The Tafels now have 150 cows in the milking herd, which consists primarily of Jersey and Ayrshire genetics, with Hereford genetics used on cows not used to breed replacements. They raise about 50 percent of the 90 or so heifers which are born each year, selling the remainder. Most of the sold animals are from first calve heifers, which are bred via a Jersey

bull, or are offspring from the cows crossed with Hereford genetics.

“Our calves are sold at about a week old at the auction. The Hereford crosses do well; others do not,” Adam said. “Dairy culls are sold through the local auction as organic beef, which does okay.”

Most of the breeding is done via artificial insemination, which Adam does himself. The Jersey bull used on the heifers is also used to clean up the milking herd.

They are seeking deep, wide cows, so the animals have increased rumen capacity, a trait which is very important for their grass fed production. It allows the cow to consume a greater amount of forage and obtain the nutrients needed to be productive on an all-grass diet.

They breed with daughter pregnancy rate (DPR), milk production and somatic cell count as other primary selection criteria. Semen from traditional companies such as Select Sires and Genex is used, as well as John O’Brien’s Nature’s Blueprint bulls, which they’ve also used for the past several years.

“I do like to use A2 and polled genetics when it works, but other traits come first in selecting bulls,” Adam said. “We tried milking Shorthorn and Normandy but I found them to be too beefy and could not maintain milk production throughout their lactation. I also just really like Jersey and Ayrshires.”

The herd isn’t closed, and they do purchase some cows and heifers - about 30 in the past 15 years - when needed, and only directly from other farms, and not the auction house.

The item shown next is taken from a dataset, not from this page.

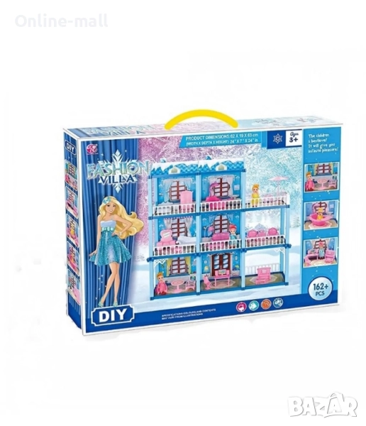 С височина 63 см, ширина 62 см и над 162 части, комплектът включва всичко необходимо за игра – мебели, аксесоари и дори кукли, готови да се нанесат в своя нов дом.

In 2010, the purchase of a dozen animals all from one farm was done to accelerate herd growth, with another five head purchased in 2015. In 2019, 10 cows and heifers were added after the bull didn’t impregnate everyone it should have, and their winter calving goals were not met.

“We aim to keep about 45 heifer calves each year. That is about 30 percent of the milking herd. I feel like we need to replace about 20 - 25 percent of the herd each year, so this gives us wiggle room to grow slightly or cull heavier,” Adam explained.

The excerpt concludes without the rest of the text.